President of the Football Association of Bosnia and Herzegovina
- In office 13 December 2012 – 16 March 2021
- Preceded by: Ivica Osim (as President of the normalization committee)
- Succeeded by: Vico Zeljković

Personal details
- Born: 24 October 1960 Sarajevo, PR Bosnia and Herzegovina, FPR Yugoslavia
- Died: 31 May 2024 (aged 63) Sarajevo, Bosnia and Herzegovina
- Education: University of Sarajevo

= Elvedin Begić =

Bosnian football official (1960–2024)

Elvedin "Dino" Begić (24 October 1960 – 31 May 2024) was a Bosnian football executive who was president of the Football Association of Bosnia and Herzegovina (N/FSBiH) from 2012 to 2021. He had previously been a member of the N/FSBiH normalization committee established by FIFA in April 2011.

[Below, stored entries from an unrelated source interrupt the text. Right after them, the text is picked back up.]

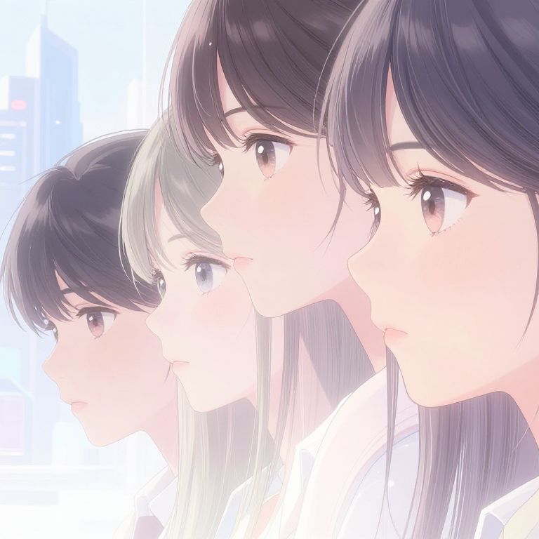 AI generated anime faces, close-up portraits of diverse characters with exaggerated anime eyes, soft pastel color palette, ethereal lighting, delicate linework, futuristic cityscape in the background, high detail on facial features and hair textures, anime style with modern digital painting techniques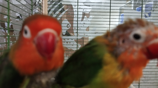 ПОПУГАИ НЕРАЗЛУЧНИКИ, ОДИН С ЛЫСОЙ ГОЛОВОЙ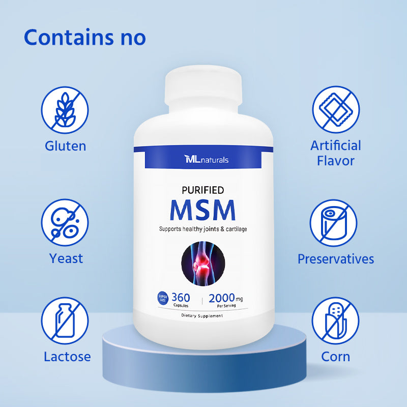 Methyl Sulfonyl Methane (MSM) is a chemical that occurs naturally in humans, as well as green plants and animals. It is known to help relieve joint pain, reduce inflammation and boost immunity. MSM also may help strengthen the immune system and is beneficial for producing keratin, a main component of skin, hair, and nails.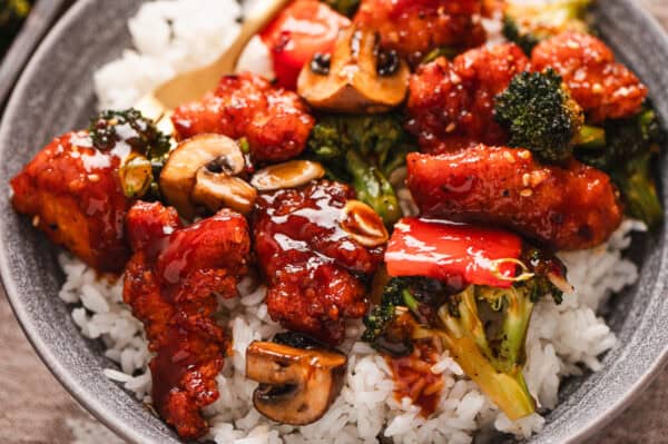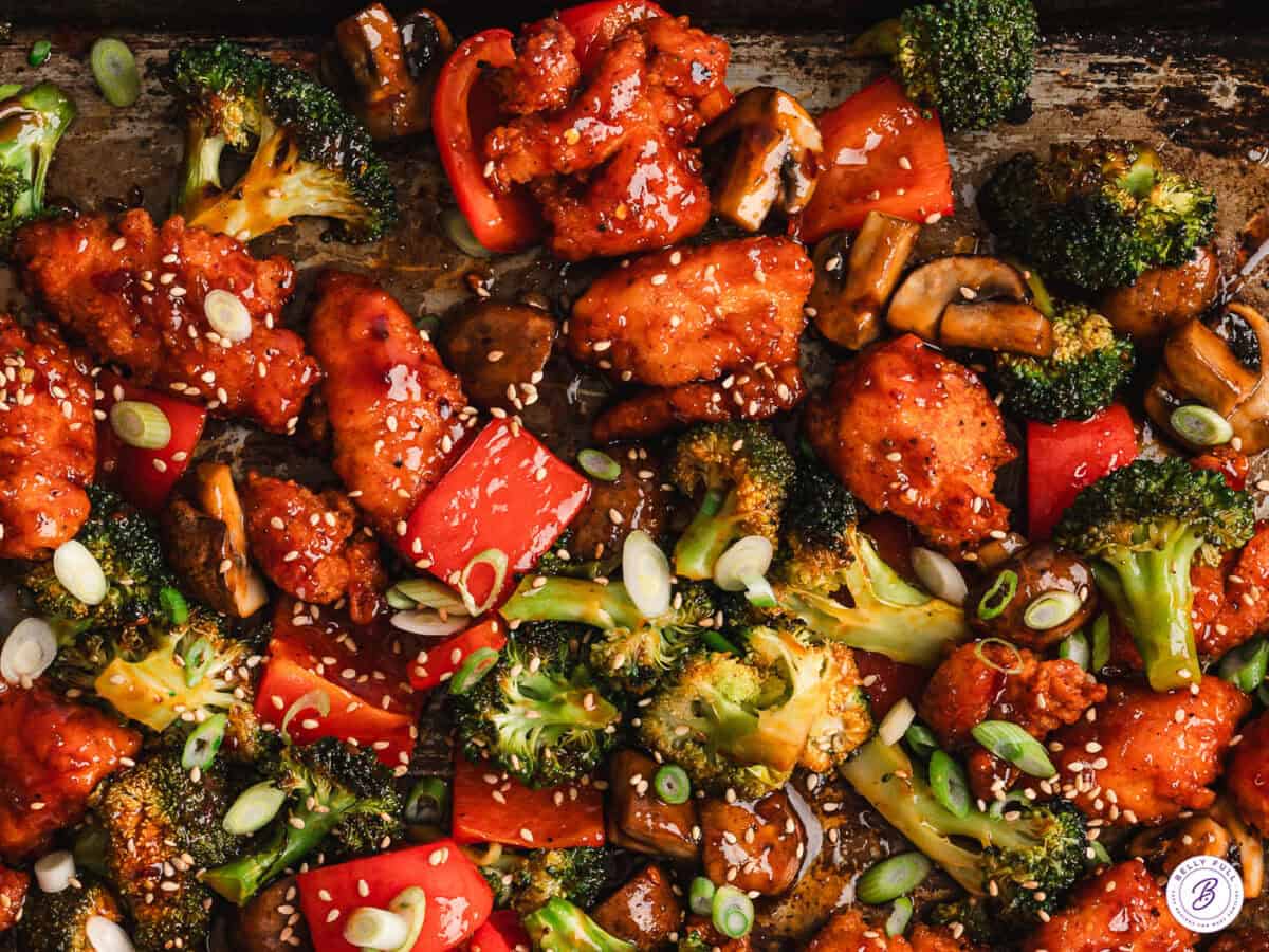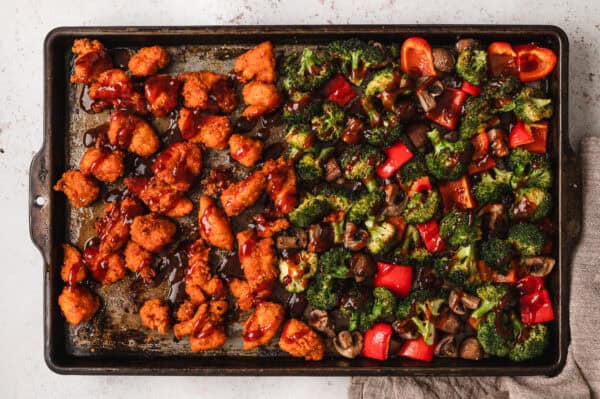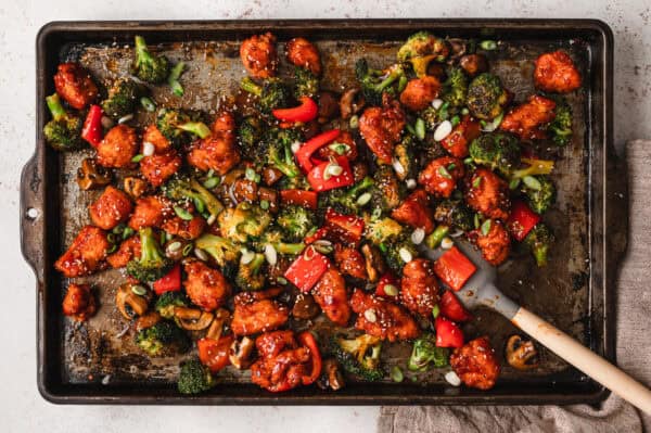 This Sheet Pan General Tso’s Chicken recipe is a great alternative to Chinese takeout. It’s lighter, loaded with veggies, and ready in just 35 minutes. I love that there’s only one pan to clean up after dinner! I usually serve this with steamed white rice, though fried rice is great too.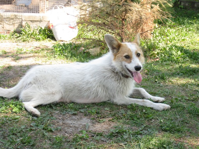Эльза – белая в рыжих пятнах, среднего размера, здоровая, стерилизованная собака: милая, общительная, внимательная, смышленая дворняга; отсутствует часть задней лапы, но это не мешает ей быть шустрой и подвижной.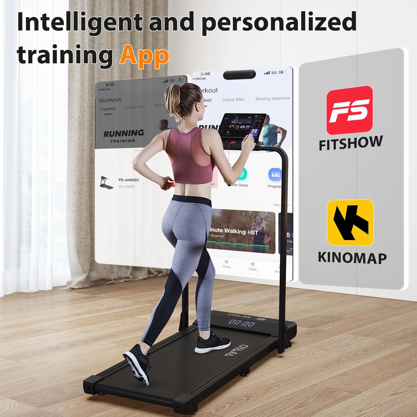 Treadmill with Remote, App & Button Control | LED Display | Safety Clip | Bluetooth Music | Quiet for Home/Office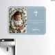 An elegant Baptism dusty blue design that you can customise with your details and photo.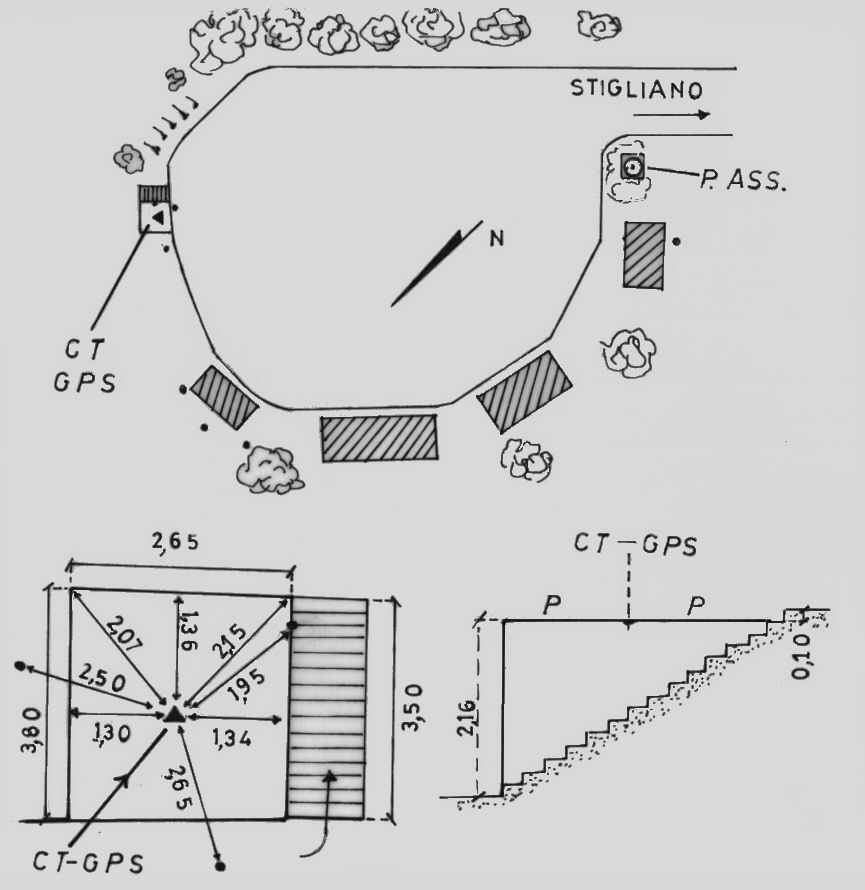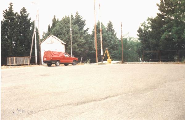 Centrino di tipo "GPS C" fissato alla sommità del casotto in cemento al lato nord del piazzale sul M. La Serra e allo stesso livello del piano stradale.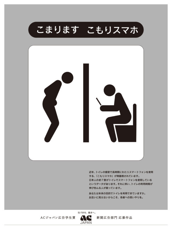 近年、公共トイレの個室にこもり長時間スマートフォンを使用する「こもりスマホ」が問題になっています。状況が見えないので直接注意しづらく、緊急事態でトイレを利用する人もいるので、本来の目的で利用してほしいという思いで制作しました。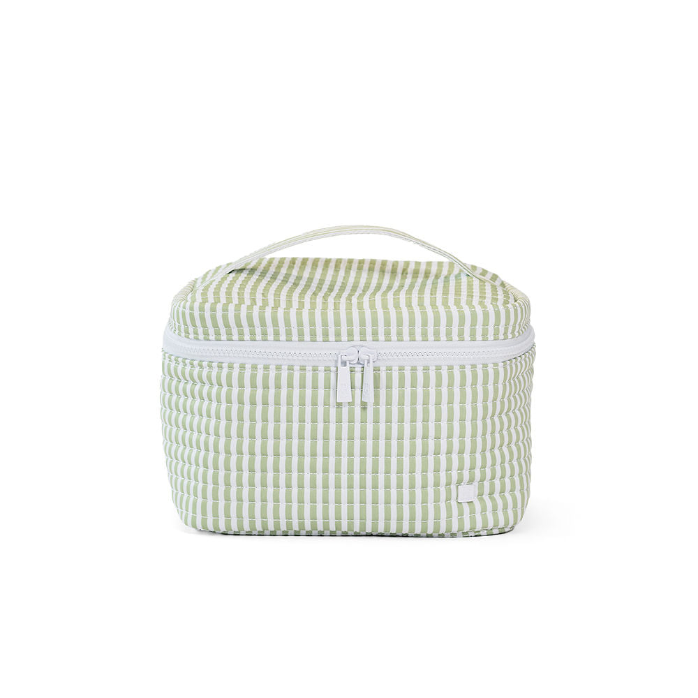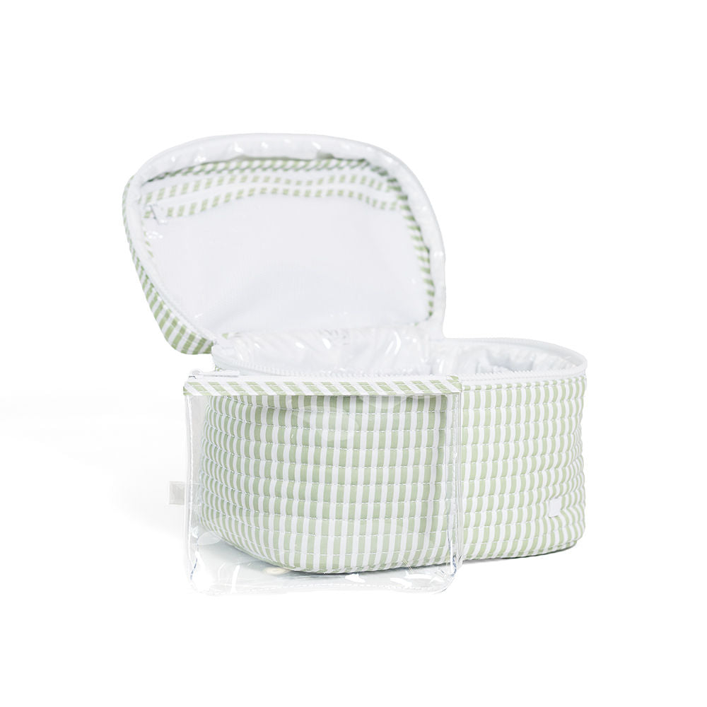 Our Quilted Train Set is super stylish and lightweight that will keep your cosmetics organized on the go. It opens up to offer ample room for makeup and beauty products, a zippered mesh pocket on the inside lid, elasticized compartments around the outer edge, and a removeable clear pouch. This set makes the perfect thoughtful gift for a lover of beauty and cosmetics or it can be an ideal treat for yourself when you're off on your travels.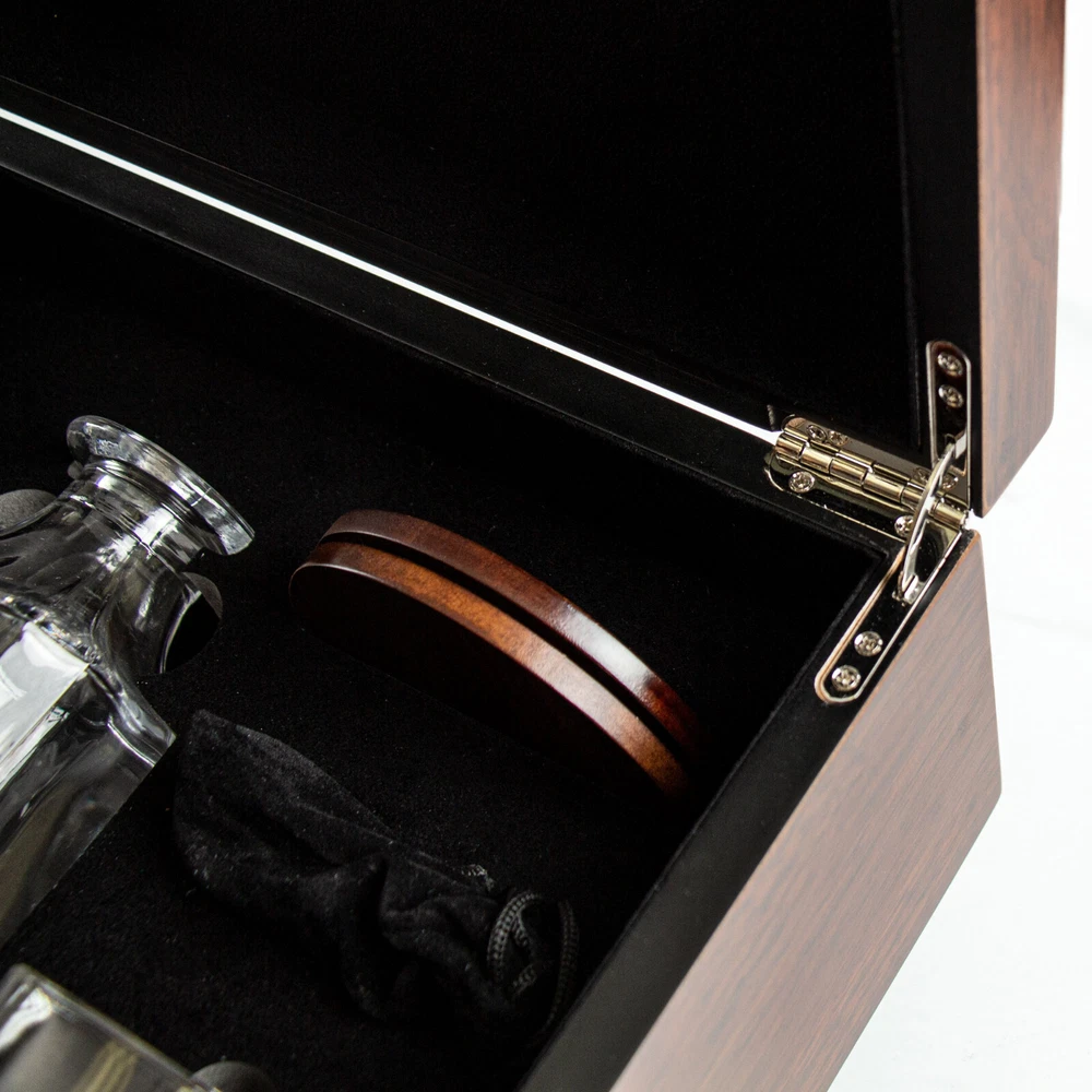 Material: Glass Capacity: 750 ml Brand: Gifts Inscribed Occasion: All Occasions Personalize: No Country/Region of Manufacture: United States Features: Dishwasher Safe, Spill-Proof, With Lid/Stopper Set Includes: Decanter, Glasses, Lid/Stopper Type: Decanter Set MPN: NFL115 Color: Clear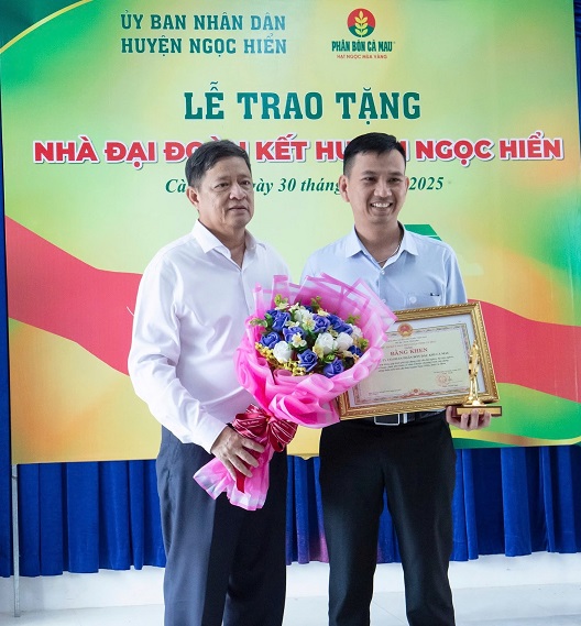 Đại diện Công ty Cổ phần Phân bón Dầu khí Cà Mau nhận bằng khen của Chủ tịch UBND tỉnh về thành tích đóng góp cho sự phát triển kinh tế - xã hội địa phương.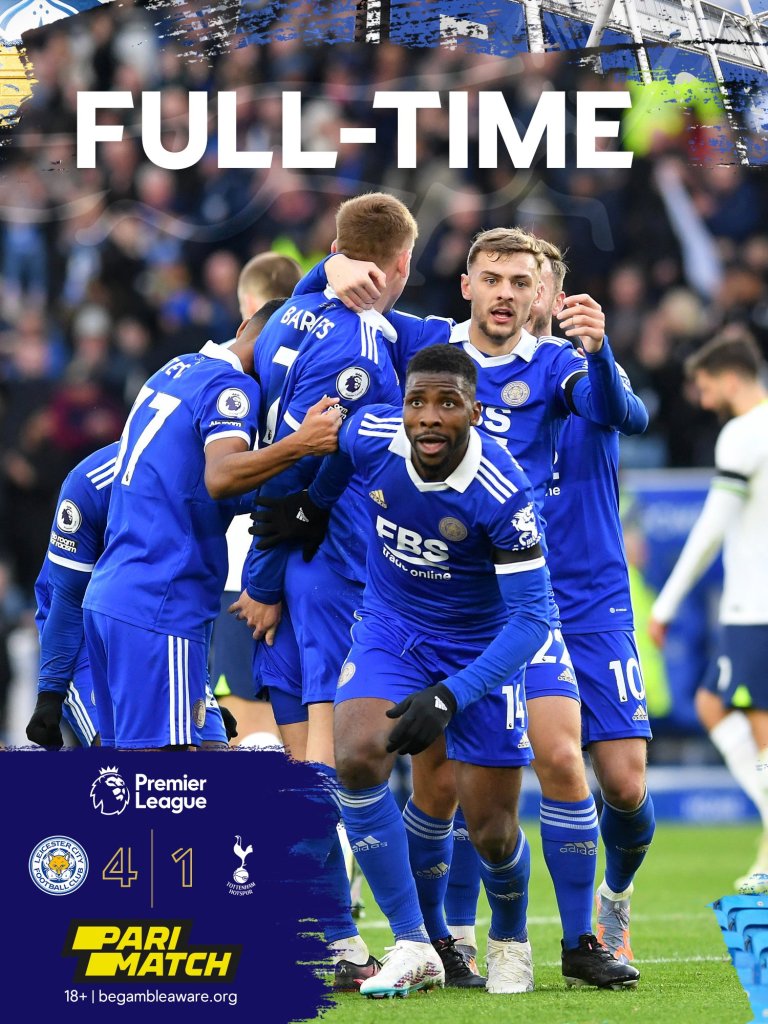 Τρίποντο παραμονής για τη Λέστερ, που επικράτησε τη Τότεναμ με 4-1 και της έβαλε δύσκολα στη μάχη που δίνει για την τετράδα. Στο +6 από τη ζώνη του υποβιβασμού οι «αλεπούδες» αλλά με ματς περισσότερο, στο -1 από την 4η θέση και τη Νιούκαστλ η Τότεναμ και μάλιστα έχοντας δύο αγώνες περισσότερους.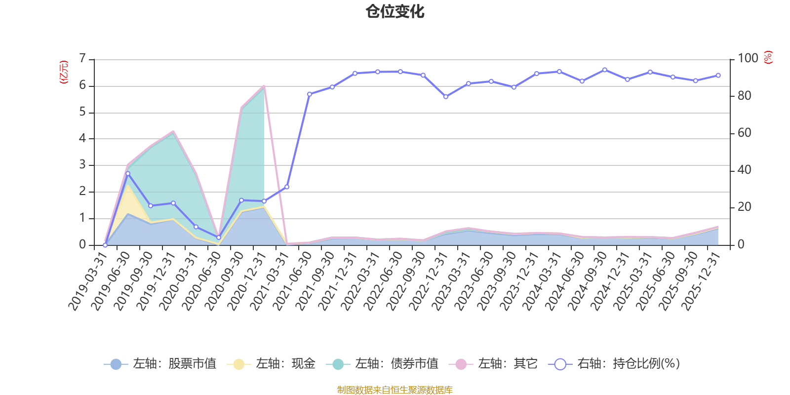 据定期报告数据统计,近三年平均股票仓位为90.06%,同类平均为72.57%。2024年三季度末基金达到94.31%的最高仓位,2020年上半年末最低,为4.12%。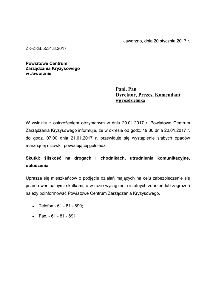 Jaworzno, dnia 20 stycznia 2017 r. ZK-ZKB.5531.8.2017 Powiatowe Centrum Zarządzania Kryzysowego w Jaworznie Pani, Pan Dyrektor, Prezes, Komendant wg rozdzielnika W związku z ostrzeżeniem otrzymanym w dniu 20.01.2017 r. Powiatowe Centrum Zarządzania Kryzysowego informuje, że w okresie od godz. 19:30 dnia 20.01.2017 r. do godz. 07:00 dnia 21.01.2017 r. przewiduje się wystąpienie słabych opadów marznącej mżawki, powodującej gołoledź. Skutki: śliskość na drogach i chodnikach, utrudnienia komunikacyjne, oblodzenia Uprasza się mieszkańców o podjęcie działań mających na celu zabezpieczenie się przed ewentualnymi skutkami, a w razie wystąpienia istotnych zdarzeń lub zagrożeń należy poinformować Powiatowe Centrum Zarządzania Kryzysowego. Telefon - 61 - 81 - 890; Fax. - 61 - 81 - 891

In July 2015, Begić was named Vice-Chairman of the UEFA Stadium and Security Committee for the period 2015–2019. He was selected as Vice-Chairman again for the period 2019–2023. In addition, he was the Sarajevo Canton Football Federation (FSKS) president from 2012 to 2016, and had worked as a delegate of the FSKS and as a member of the FSKS committee.

Begić was a graduate of the Faculty of Transport and Communications from the University of Sarajevo and also served as an executive director at the Sarajevo International Airport.

==Death==
On 31 May 2024, Begić died at the age of 63 in Sarajevo, following a bout of cancer.